Since the discovery of photocatalytic splitting of water on a TiO₂ electrode in 1972 [1], the interaction of TiO₂ surfaces with water is of special interest. The structure of the hydrated surfaces is important not only because water is always present on TiO₂ surfaces, but also because it can help understand and control the catalytic and (photo) electrochemical properties of this material. In fact, different water adsorption states have been found; for example, water favors molecular adsorption on the anatase (101) surface and dissociative adsorption on the (001) surface [13].

There is still controversy for water adsorption on the TiO₂ surface based only on the DFT total energy calculations, e.g., on rutile (110). Despite numerous studies on this topic in literature, the mechanism of water dissociation on TiO₂ surfaces remains to be clarified. Moreover, there is still a lack of a generic understanding of different surfaces including surfaces with steps and vacancies.

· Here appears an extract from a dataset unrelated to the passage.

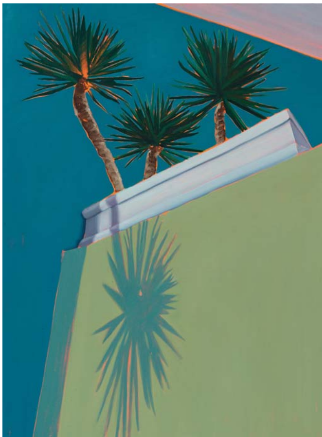
3 Amigos Öl auf Leinwand 120 x 90 cm

Due to a recent experiment, a large percentage of exposed (211) facet has been prepared and it is found that the (211) surface can effectively improve the photocatalytic activity of TiO₂ for water dissociation reactions [45, 46]. Since the surface exposes both Ti₄ and Ti₅ atoms, the anatase (211) surface is studied in this work as an ideal model surface to illustrate the mechanism of water dissociation on TiO₂ surface [47]. The Ti₄ atom plays a critical role for splitting water molecule. Furthermore, we introduce a bond-charge counting model according to TiO₂ structure and conclude that two unsaturated Ti bonds are the necessary conditions for splitting water on the surface. Then, we examine as much as possible TiO₂ surfaces and find the model is applicable to all surfaces.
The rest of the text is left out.